Sentiamo sempre più spesso parlare di cyberattacco, un neologismo coniato quasi 20 anni fa per definire un “attacco terroristico condotto con mezzi tecnologici, attraverso internet” (Treccani.it). L’obiettivo? Ottenere l’accesso ai sistemi informatici per appropriarsi, modificare o distruggere dati. Molti i settori interessati, con quelli finanziari, sanità e pubbliche amministrazioni tra i principali bersagli. Un problema che ci riguarda visto che, secondo i dati contenuti nel rapporto Clusit 2025 sulla cybersicurezza, l’Italia è ai primi posti nella classifica dei Paesi più vulnerabili.
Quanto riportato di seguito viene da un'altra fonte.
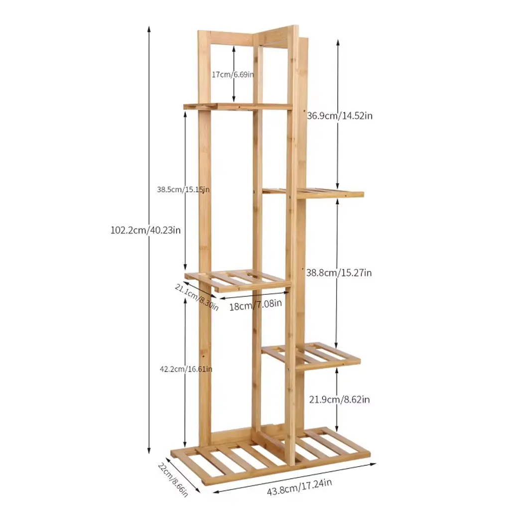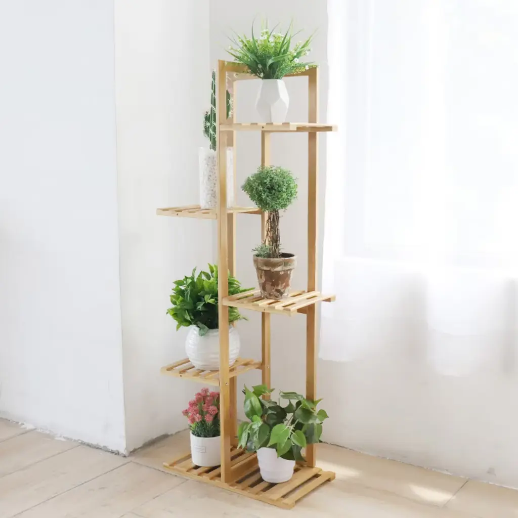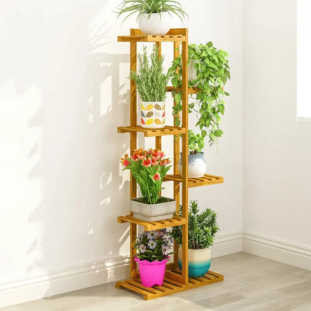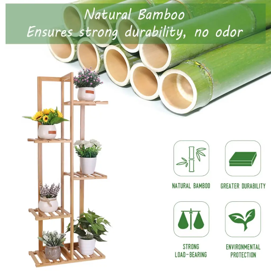 Elevate your greenery game with our Eco-Friendly Bamboo Multilayer Plant Stand! Crafted from durable, renewable bamboo, this T-shaped shelf combines space-saving design with 5/6-tier versatility, perfect for indoor/outdoor use. Showcase vibrant plants, succulents, or bonsai while its hollow-out layers ensure optimal drainage and airflow. Beyond plants, use it as a stylish storage rack for photos, trophies, or decor. Lightweight yet sturdy, it supports up to 45kg/50kg (small/large) and raises plants to sunlight for healthier growth. Easy assembly with a guide. Choose from two sizes to fit any corner. Transform your space into a lush oasis—order now! 🌱✨

Subendo il 10% degli attacchi registrati a livello globale pur rappresentando solo lo 0,7% della popolazione e l’1,8% del PIL mondiale.
Anche sulla base di questo poco invidiabile risultato, la cybersicurezza è diventata un’indispensabile strategia industriale. Paradossalmente, la maggior cybersicurezza acquisita dai settori più sensibili ha favorito gli attacchi verso altre attività produttive. A partire dal settore alimentare che ancora oggi fatica ad acquisire consapevolezza del rischio, dimostrando di non essere disposto o di non essere in grado di prepararsi adeguatamente a questa minaccia. Un’incapacità che lo ha reso uno dei principali obiettivi degli hacker, tanto che gli attacchi informatici all’industria alimentare, compresa quella lattiero-casearia, aumentano ogni anno per numero e virulenza.
Questo mal posto senso di immunità rispetto a settori considerati più convenienti per i cyberattacchi, contrasta con la necessità di un’ulteriore (e inevitabile) implementazione e integrazione di strumenti e metodologie dell’industria 4.0 e 5.0. Vale a dire sensori, dispositivi IoT, automazione, sistemi ERP/MES, robotica, macchine “intelligenti” e processi produttivi sempre più connessi con reti e sistemi di dati esterni. Un processo di automazione e digitalizzazione che espone ancora di più l’industria lattiero-casearia ad attacchi informatici. Soprattutto, quando questo processo riguarda impianti non moderni, senza un’adeguata integrazione digitale che, quando esiste, è spesso assicurata da sistemi informatici superati, a volte non aggiornabili o non compatibili tra loro.
Le contromisure si possono riassumere nell’acronimo CHACCP, ossia Cyber Hazard Analysis Critical Control Point. Un’estensione, non solo letterale, di HACCP. Perché oggi rappresenta un’indispensabile integrazione dei sistemi di gestione della sicurezza alimentare. Che si inserisce in norme già vigenti o cogenti (reg. UE 2016/679 – GDPR, direttiva NIS2 – 2022/2555/UE, ISO 27001), che impongono un investimento prima di tutto culturale nella cybersicurezza aziendale. Con nuove figure professionali, tecnologie avanzate e formazione continua, senza la quale qualsiasi piano di cybersicurezza dell’industria lattiero-casearia potrebbe risultare inutile.